Teledyne to Acquire Select Aerospace and Defense Electronics Businesses of Excelitas
THOUSAND OAKS, Calif. – Teledyne Technologies Incorporated (NYSE:TDY) (“Teledyne”) announced today that it has entered into an agreement to acquire select aerospace and defense electronics businesses from Excelitas Technologies Corp. (“Excelitas”) for $710 million in cash. The acquisition includes the Optical Systems (OS) business known under the Qioptiq® brand based in Northern Wales, UK, as well as the U.S.-based Advanced Electronic Systems (AES) business.
“We will be pleased to add these businesses to our aerospace and defense electronics segment, which has performed exceptionally well in recent years”
The UK-based OS business provides advanced optics for heads-up and helmet-mounted displays, dismounted tactical night vision systems and proprietary glass used in space and satellite applications. In the U.S., the AES business provides custom energetics, including electronic safe & arm devices, high-voltage semiconductor switches and rubidium frequency standards for defense and space applications.
“We are excited to announce this pending acquisition, which will bring us new technology in markets well-understood by Teledyne. Our respective products are highly complementary and not competitive, and we generally serve customers in complementary geographies,” said Robert Mehrabian, Executive Chairman. “We look forward to welcoming these businesses and their employees to Teledyne.”
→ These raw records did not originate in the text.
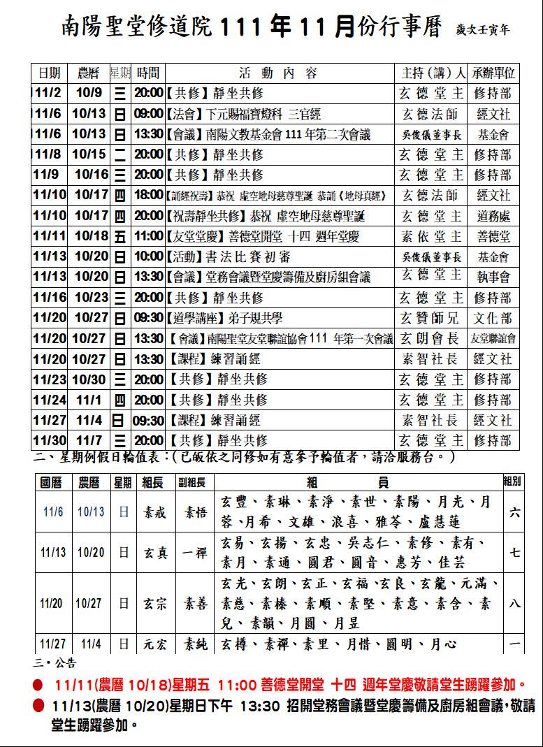 111.11.11南陽聖堂111年11月行事曆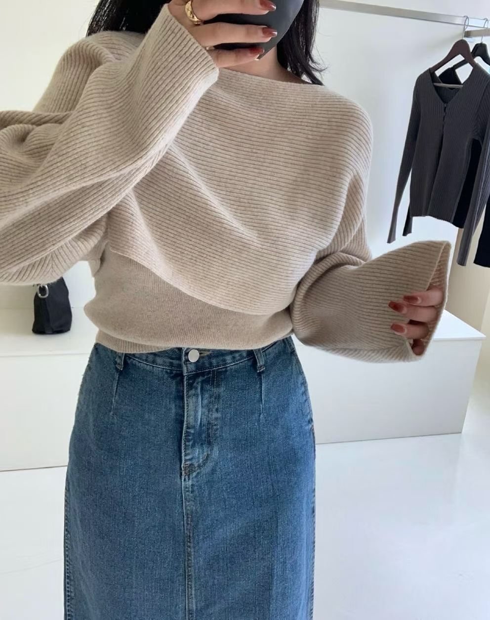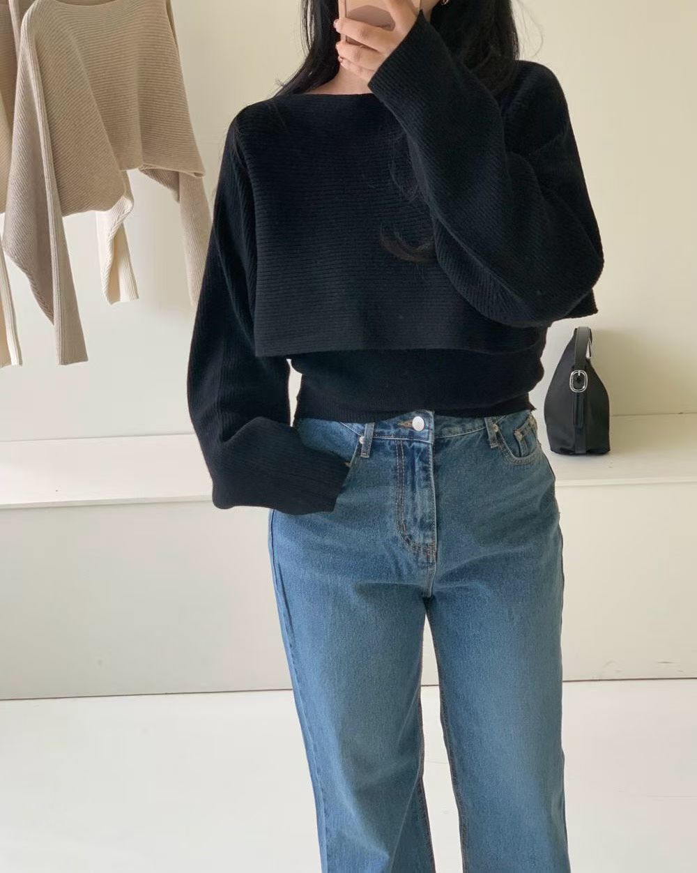 可拆式拼接襯領針織衣+鬆緊短裙SET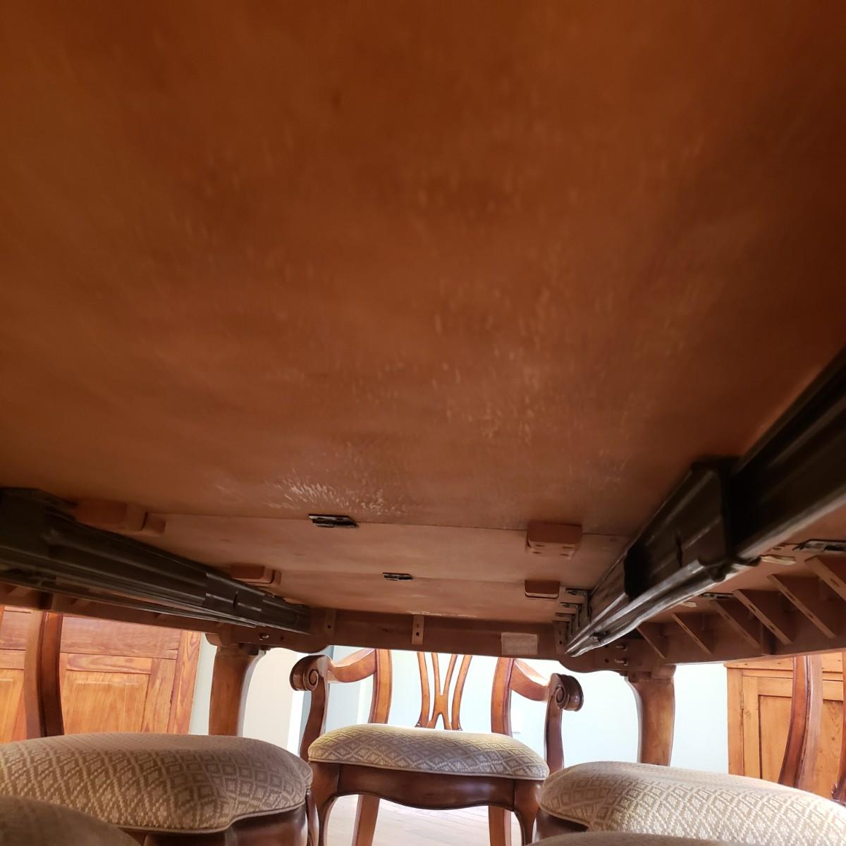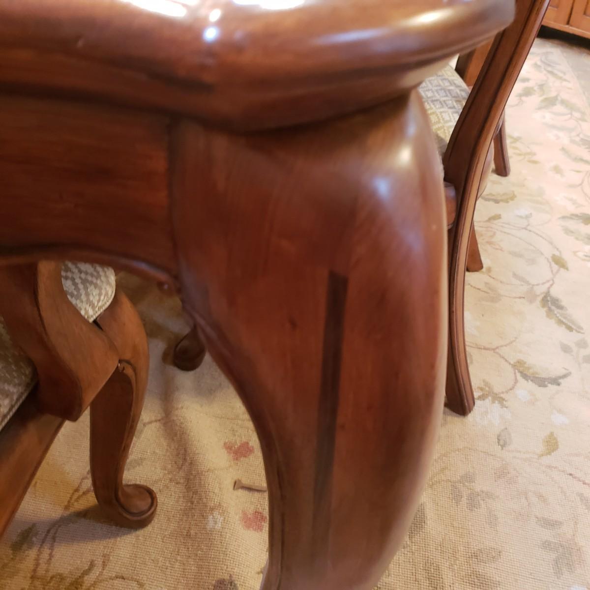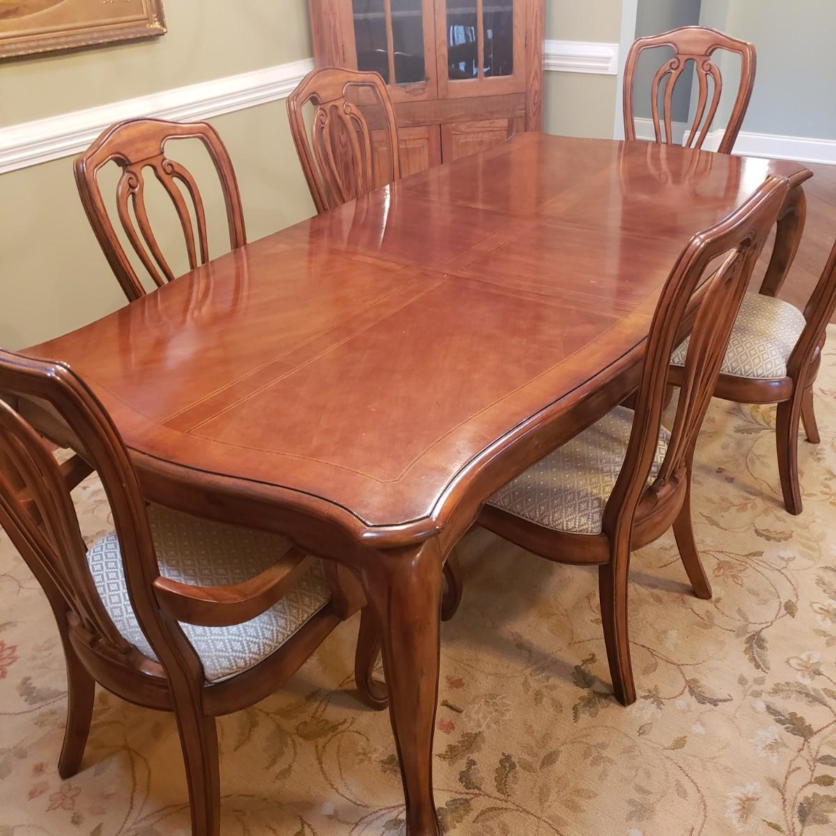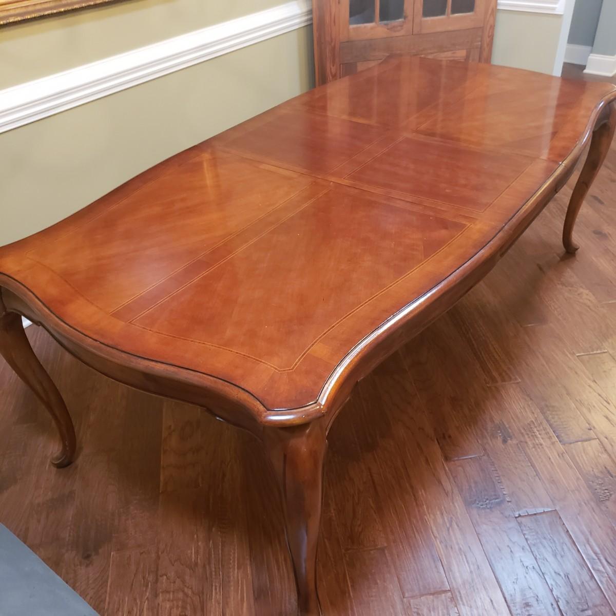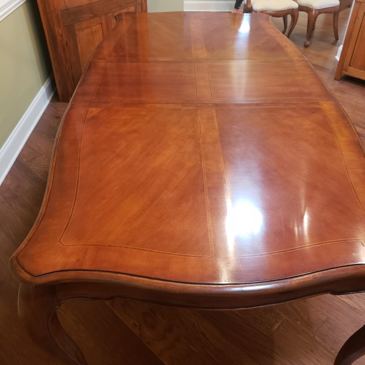 This gorgeous inlay dining table comes with two leaves and six dining chairs. The table with one leaf, as pictured measures 90" x 44" x 30" H. Each leaf alone measures 18" x 44". The seller states that the set was purchased from Punkett North Brooke. There are some blemishes, such as creases where the veneer is raised and one spot, see picture. These small creases were hard to photograph due to sky lights casting glares.

“We will be pleased to add these businesses to our aerospace and defense electronics segment, which has performed exceptionally well in recent years,” said George Bobb, President and Chief Operating Officer. “Furthermore, we believe the businesses’ operations, personnel and culture are very compatible with our U.S. and UK defense electronics organizations.”
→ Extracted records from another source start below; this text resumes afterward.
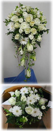 ◆キャスケードブーケ(12) カサブランカ・ティネケ・ スプレーバラ(スプレーウィット)・ アイビー・ナルコユリ ¥28.000 |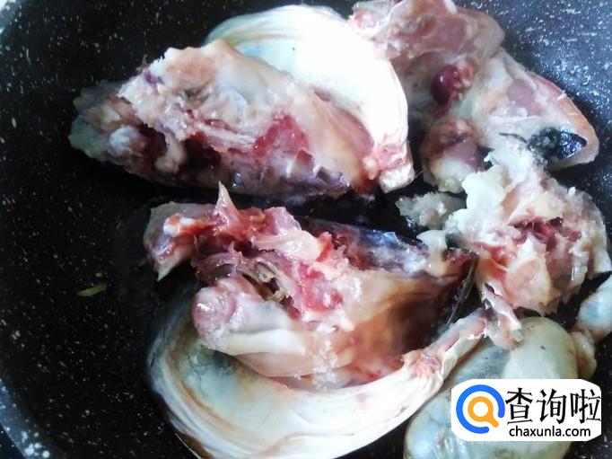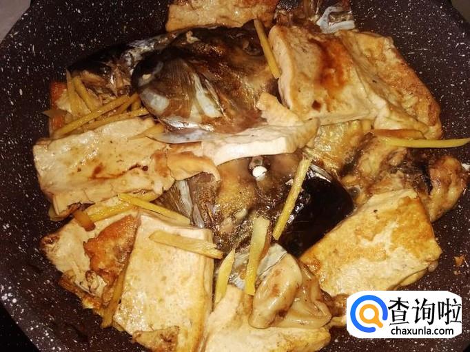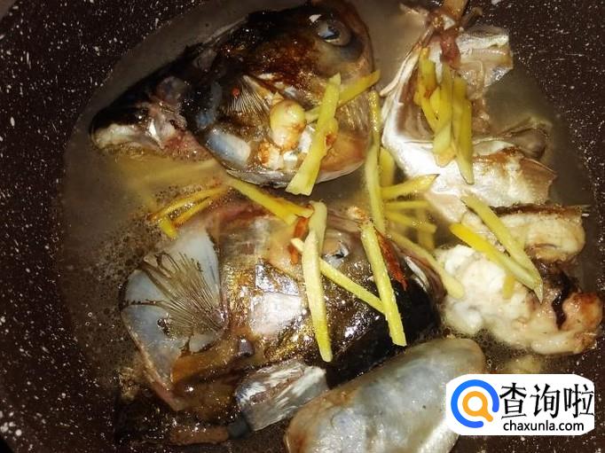 再把鱼头放进去煎。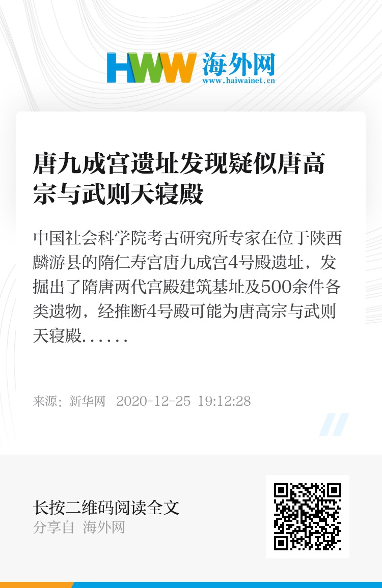 中国社会科学院考古研究所专家在位于陕西麟游县的隋仁寿宫唐九成宫4号殿遗址,发掘出了隋唐两代宫殿建筑基址及500余件各类遗物,经推断4号殿可能为唐高宗与武则天寝殿。

“We are excited about the new opportunities this acquisition will bring and look forward to a seamless integration that will benefit our customers, employees and Teledyne stakeholders,” said Doug Benner, EVP Excelitas and President Defense and Aerospace Segment. “Our journey providing electro-optical solutions designed to keep troops and high-value assets safe continues with an industry leader.”
The transaction is anticipated to be completed in early 2025 and is subject to customary closing conditions, including regulatory approvals. Teledyne management expects the transaction to be accretive to GAAP and non-GAAP earnings per share, excluding transaction costs.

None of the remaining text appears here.